Extracting Browser Versions in Splunk with rex

I needed to extract some browser version information from some Splunk-indexed S3 / Apache access logs today. A quick Google search was unilluminating, so I thought I’d document my own work here.

Rather than delving into the dark arts of defining Splunk extractions and transforms, I figured it would be a good chance to learn about using rex for ad-hoc field extracts while searching.
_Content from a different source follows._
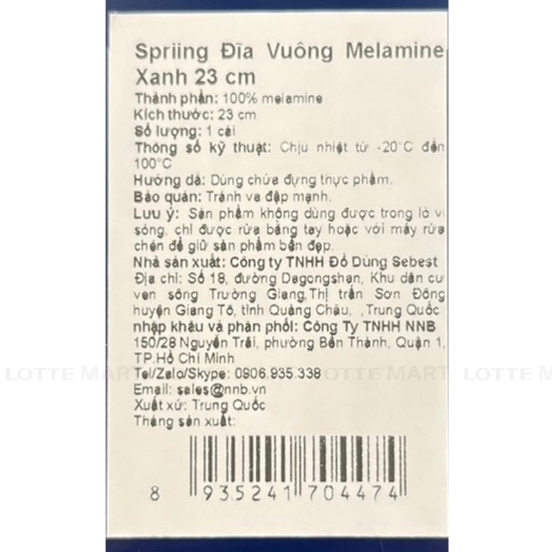 Dĩa Vuông Spriing Melamine Màu Xanh 23cm
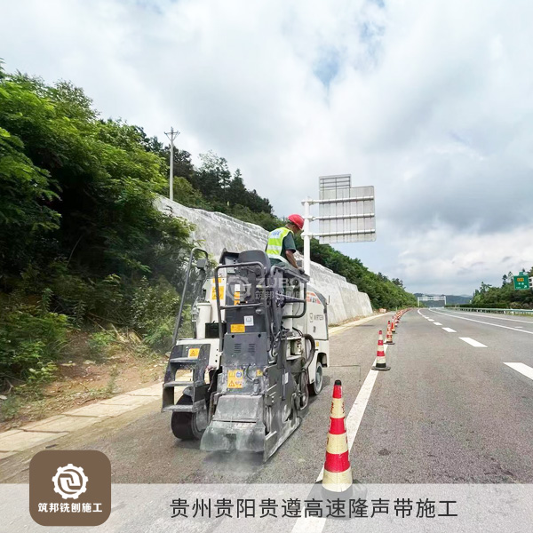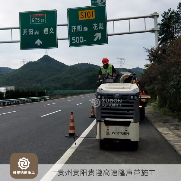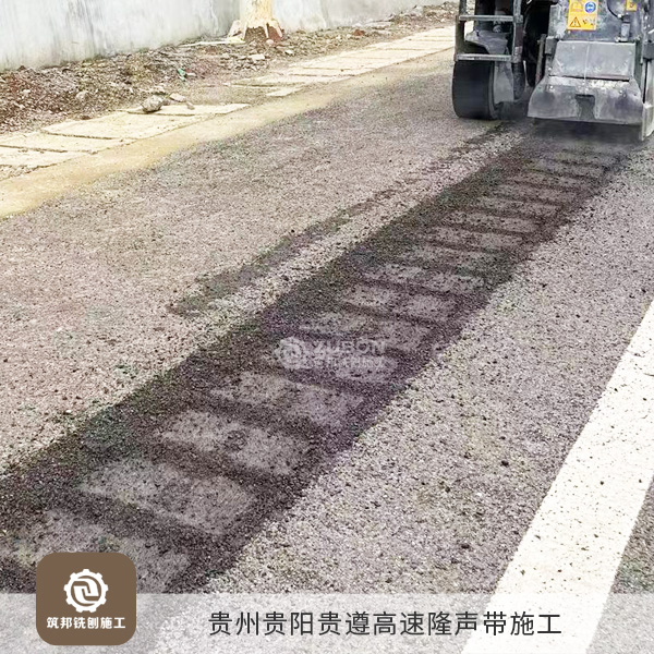 本次隆聲帶施工用到的是專業隆聲帶銑刨機,施工效率高,一天可銑刨10公里,銑刨出來的隆聲帶效果極佳;凹槽最深為13mm,截面為圓弧狀,因為深度較淺,積水和積塵很容易被車輪的高速氣流帶走。而且連續高密度的凹槽寬度達到40公分以上,在制造輪胎噪音的同時也保證了車胎足夠的抓地摩擦力,確保了行車安全。

What I’ve come up with is just a quick braindump for now, and only supports a subset of all browsers, but I’ll try to update this snippet as it evolves.

sourcetype="access*"  | 
rex field=useragent "(?<browser>(?<browser_software>(?<browser_version>.*)))" |
rex field=useragent "(?<browser>(?<browser_software>MSIE) (?<browser_version>[0-9.]+));" |
rex field=useragent "(?<browser>(?<browser_software>Firefox)/(?<browser_version>[0-9.]+))" |
rex field=useragent "Version.*(?<browser>(?<browser_software>Safari)/(?<browser_version>[0-9.]+))" |
rex field=useragent "(?<browser>(?<browser_software>Chrome)/(?<browser_version>[0-9.]+))"

The first rex line defaults the browser* fields to the full UA string, and each subsequent rex line extracts the browser information for a particular browser, storing the software name in browser_software, the version in browser_version and the combined result in browser.